The full text of the White House 22 page document is located at this link.  It is ambitious and covers a lot of ground in terms of the specific regulation of firearms, school safety, and increasing mental health services. The firearm regulation is most specific in that it closes background check loopholes, bans assault weapons, outlaws armor piercing bullets, and sets the maximum magazine size at 10 cartridges.  Part of this document is a "call to Congress" so it is not clear to me how much can be accomplished by the President's executive orders as opposed to Congressional action.  I am reminded of the NRA President last weekend stating that Congress would never pass a ban on assault weapons.  The Executive Order section of that part of the document lists the following activities:

1.  Addressing unnecessary legal barriers in health laws that prevent some states from making information available about those prohibited from having guns.
2.  Improving incentives for states to share information with the system.
3.  Ensuring federal agencies share relevant information with the system.
4.  Directing the Attorney General to work with other agencies to review our
laws to make sure they are effective at identifying the dangerous or untrustworthy individuals that should not have access to guns.

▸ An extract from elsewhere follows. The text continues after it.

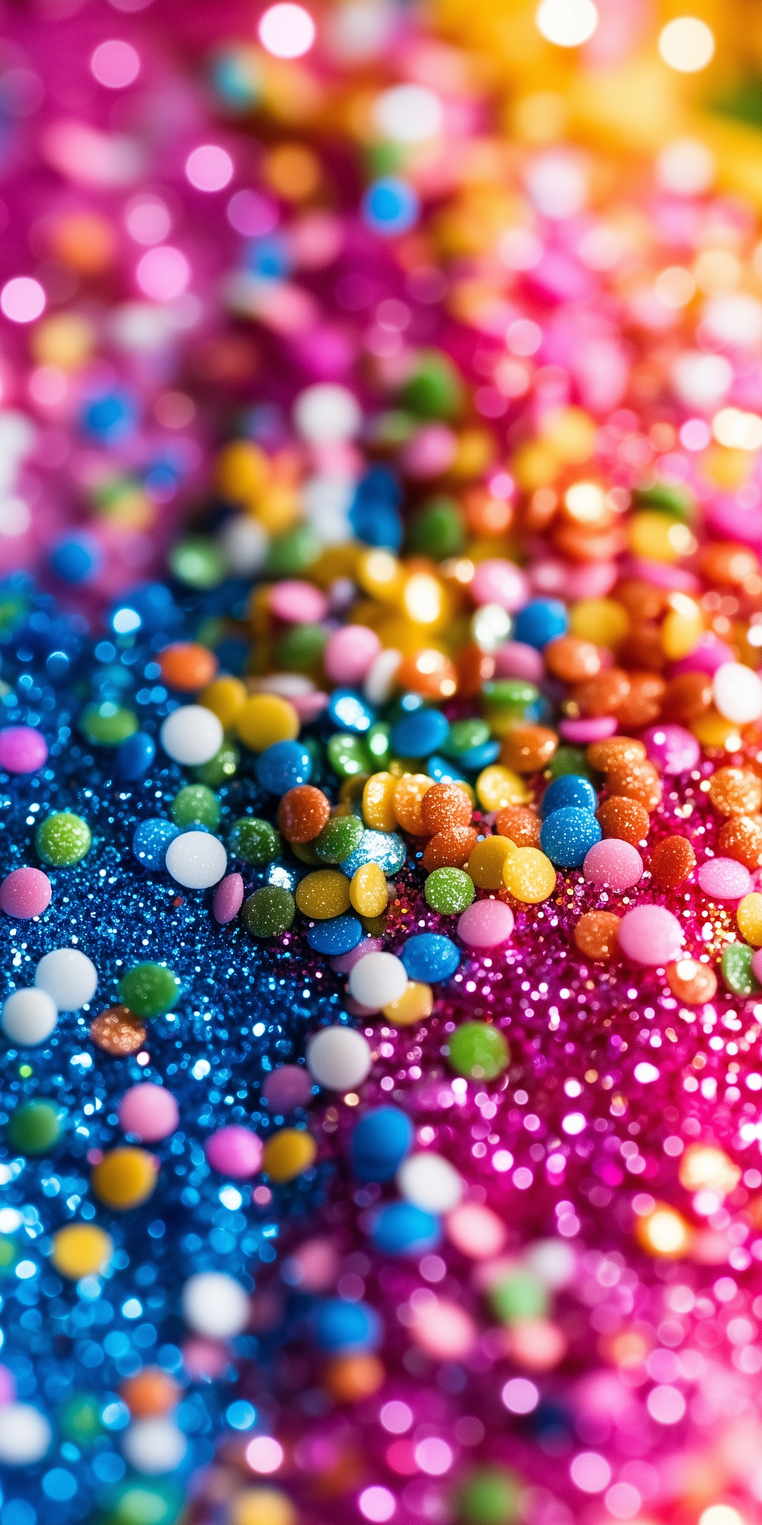 Bright close-up of colorful sprinkles and glitter, with vibrant hues of blue, pink, and yellow creating a playful, festive vibe.

The school safety initiative seems more nebulous. There is funding for 1000 "school resource officers and school based mental health professionals" and the recommendation to train 5000 additional “social workers, counselors, and psychologists.”   Considering the fact that there are probably close to 100,000 schools, this seems like a drop in the bucket.   Ensuring that each school has an emergency plan for contingencies like mass shootings does not seem to be a novel idea.  Creating safer school climates and reducing bullying has already been initiated in many school districts. There seems to be a clear lack of public health measures in the school that would reduce the likelihood of violent events.

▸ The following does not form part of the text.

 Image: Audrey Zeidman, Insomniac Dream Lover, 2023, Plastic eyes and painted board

The mental health initiative is equally lacking. In addition to the deficiencies I pointed out initially in this document, there is discussion of providing mental health training to teachers and school staff. There is probably evidence that teachers and school staff may over identify mental illness rather than under identify it.  Is this really a problem and will this level of screening be effective?   The document describes the initiative here as "increasing access" to mental health services. Screening larger numbers of students and identifying them as having potential problems actually creates a bottleneck in the system rather than increasing access.  The suggested mental health interventions in this document fall short in terms of both primary and secondary prevention of mental illness and associated aggressive behavior. Depending on a managed care model that has an established track record of dismantling the mental health infrastructure and providing limited access to poor quality care will do nothing to accommodate increasing referrals other than assure that referred students will be rapidly medicated.

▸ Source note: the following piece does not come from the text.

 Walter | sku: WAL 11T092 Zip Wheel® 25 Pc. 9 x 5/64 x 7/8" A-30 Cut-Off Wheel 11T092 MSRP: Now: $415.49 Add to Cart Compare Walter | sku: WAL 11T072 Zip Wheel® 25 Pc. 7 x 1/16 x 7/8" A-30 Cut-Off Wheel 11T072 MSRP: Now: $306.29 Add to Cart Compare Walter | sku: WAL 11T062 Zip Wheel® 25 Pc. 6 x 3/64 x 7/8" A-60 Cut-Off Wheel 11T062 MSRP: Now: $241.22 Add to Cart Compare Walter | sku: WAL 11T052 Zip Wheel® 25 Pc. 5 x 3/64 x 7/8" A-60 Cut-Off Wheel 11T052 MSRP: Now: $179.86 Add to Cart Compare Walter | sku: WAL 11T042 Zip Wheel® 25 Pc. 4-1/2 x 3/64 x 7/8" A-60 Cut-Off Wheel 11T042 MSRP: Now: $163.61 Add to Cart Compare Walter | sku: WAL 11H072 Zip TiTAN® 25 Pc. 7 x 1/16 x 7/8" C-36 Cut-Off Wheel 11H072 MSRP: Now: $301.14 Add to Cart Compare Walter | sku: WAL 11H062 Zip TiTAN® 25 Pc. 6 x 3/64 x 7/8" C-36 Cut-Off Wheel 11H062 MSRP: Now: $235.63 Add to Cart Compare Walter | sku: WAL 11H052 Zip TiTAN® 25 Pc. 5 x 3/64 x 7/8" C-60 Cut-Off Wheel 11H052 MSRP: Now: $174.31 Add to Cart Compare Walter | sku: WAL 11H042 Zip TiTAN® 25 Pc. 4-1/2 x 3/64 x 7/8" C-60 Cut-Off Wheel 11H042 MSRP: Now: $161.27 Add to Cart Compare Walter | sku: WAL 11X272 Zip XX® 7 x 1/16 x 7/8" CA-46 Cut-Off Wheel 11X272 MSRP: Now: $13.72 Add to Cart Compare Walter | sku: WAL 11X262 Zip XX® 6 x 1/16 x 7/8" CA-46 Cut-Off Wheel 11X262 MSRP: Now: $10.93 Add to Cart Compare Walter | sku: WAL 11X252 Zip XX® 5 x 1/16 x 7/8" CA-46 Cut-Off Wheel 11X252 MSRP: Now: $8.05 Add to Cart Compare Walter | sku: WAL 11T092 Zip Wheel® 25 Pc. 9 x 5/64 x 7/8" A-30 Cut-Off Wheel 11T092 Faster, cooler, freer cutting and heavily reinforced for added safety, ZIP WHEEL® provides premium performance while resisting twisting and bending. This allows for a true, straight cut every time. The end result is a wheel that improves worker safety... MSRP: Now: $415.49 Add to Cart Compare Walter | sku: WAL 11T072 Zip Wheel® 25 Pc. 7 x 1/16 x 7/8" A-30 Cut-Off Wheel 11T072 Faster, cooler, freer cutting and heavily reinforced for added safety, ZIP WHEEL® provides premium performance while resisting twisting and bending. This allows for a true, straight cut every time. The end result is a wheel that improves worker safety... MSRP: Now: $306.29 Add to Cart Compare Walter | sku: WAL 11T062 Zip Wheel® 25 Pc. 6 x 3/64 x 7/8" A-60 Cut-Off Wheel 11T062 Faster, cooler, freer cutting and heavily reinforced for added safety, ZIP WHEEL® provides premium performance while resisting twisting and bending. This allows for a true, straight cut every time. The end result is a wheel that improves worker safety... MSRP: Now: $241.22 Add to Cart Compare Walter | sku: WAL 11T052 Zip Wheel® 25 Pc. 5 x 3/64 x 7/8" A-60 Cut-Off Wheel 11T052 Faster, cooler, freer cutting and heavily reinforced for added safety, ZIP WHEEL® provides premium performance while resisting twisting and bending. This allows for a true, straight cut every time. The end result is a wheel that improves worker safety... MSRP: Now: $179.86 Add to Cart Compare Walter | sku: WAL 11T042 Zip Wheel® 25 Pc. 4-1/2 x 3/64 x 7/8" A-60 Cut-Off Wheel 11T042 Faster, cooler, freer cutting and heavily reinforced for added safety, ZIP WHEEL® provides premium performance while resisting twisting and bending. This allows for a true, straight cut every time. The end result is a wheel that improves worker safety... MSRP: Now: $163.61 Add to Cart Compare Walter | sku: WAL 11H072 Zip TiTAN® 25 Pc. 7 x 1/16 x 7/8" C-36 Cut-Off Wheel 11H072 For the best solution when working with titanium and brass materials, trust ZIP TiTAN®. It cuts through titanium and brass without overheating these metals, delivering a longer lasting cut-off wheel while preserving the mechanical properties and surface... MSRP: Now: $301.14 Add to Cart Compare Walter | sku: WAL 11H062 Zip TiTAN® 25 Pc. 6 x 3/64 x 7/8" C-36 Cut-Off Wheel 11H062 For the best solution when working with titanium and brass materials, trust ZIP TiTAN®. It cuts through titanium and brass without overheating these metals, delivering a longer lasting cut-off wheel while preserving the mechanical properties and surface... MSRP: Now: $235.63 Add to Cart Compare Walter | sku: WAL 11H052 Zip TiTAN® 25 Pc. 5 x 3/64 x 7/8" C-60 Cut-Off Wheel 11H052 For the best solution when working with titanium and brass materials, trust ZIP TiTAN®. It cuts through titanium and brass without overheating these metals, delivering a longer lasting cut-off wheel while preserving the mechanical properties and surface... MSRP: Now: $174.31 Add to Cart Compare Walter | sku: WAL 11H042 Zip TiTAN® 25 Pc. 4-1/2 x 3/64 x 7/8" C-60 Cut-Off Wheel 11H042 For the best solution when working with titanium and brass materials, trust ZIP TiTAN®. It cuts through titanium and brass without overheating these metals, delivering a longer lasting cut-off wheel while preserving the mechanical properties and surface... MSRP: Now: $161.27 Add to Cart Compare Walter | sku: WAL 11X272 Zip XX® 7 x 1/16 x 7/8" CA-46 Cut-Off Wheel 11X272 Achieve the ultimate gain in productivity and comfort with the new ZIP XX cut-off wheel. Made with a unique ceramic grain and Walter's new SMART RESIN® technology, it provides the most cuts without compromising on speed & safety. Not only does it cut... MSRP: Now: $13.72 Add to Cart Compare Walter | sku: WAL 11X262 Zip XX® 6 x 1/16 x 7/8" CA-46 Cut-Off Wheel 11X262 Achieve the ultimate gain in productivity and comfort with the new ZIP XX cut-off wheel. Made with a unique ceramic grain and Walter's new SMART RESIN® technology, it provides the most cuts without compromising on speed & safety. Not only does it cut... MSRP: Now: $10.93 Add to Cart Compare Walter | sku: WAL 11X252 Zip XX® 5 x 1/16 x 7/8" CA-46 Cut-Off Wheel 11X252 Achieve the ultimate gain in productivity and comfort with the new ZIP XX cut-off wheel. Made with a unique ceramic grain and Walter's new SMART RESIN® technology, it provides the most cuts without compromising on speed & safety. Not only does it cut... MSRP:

My final analysis of the President’s initiative today is that it may be a starting point.  He is certainly taking the issue seriously and deserves plenty of credit for that.  His support for reopening firearm safety research that was closed by the gun lobby is important. What will become of the firearm regulation is anyone's guess at this point. The school and mental health initiatives are largely symbolic and I would not expect them to have any impact. What is sorely needed is the American Psychiatric Association coming out with standards, quality guidelines, and medical education initiatives to improve the care of people with severe mental illnesses who also happen to be aggressive.  An important piece of those guidelines should include the public health measures that were previously mentioned on this blog and those measures should also play a much larger role in any Executive initiative.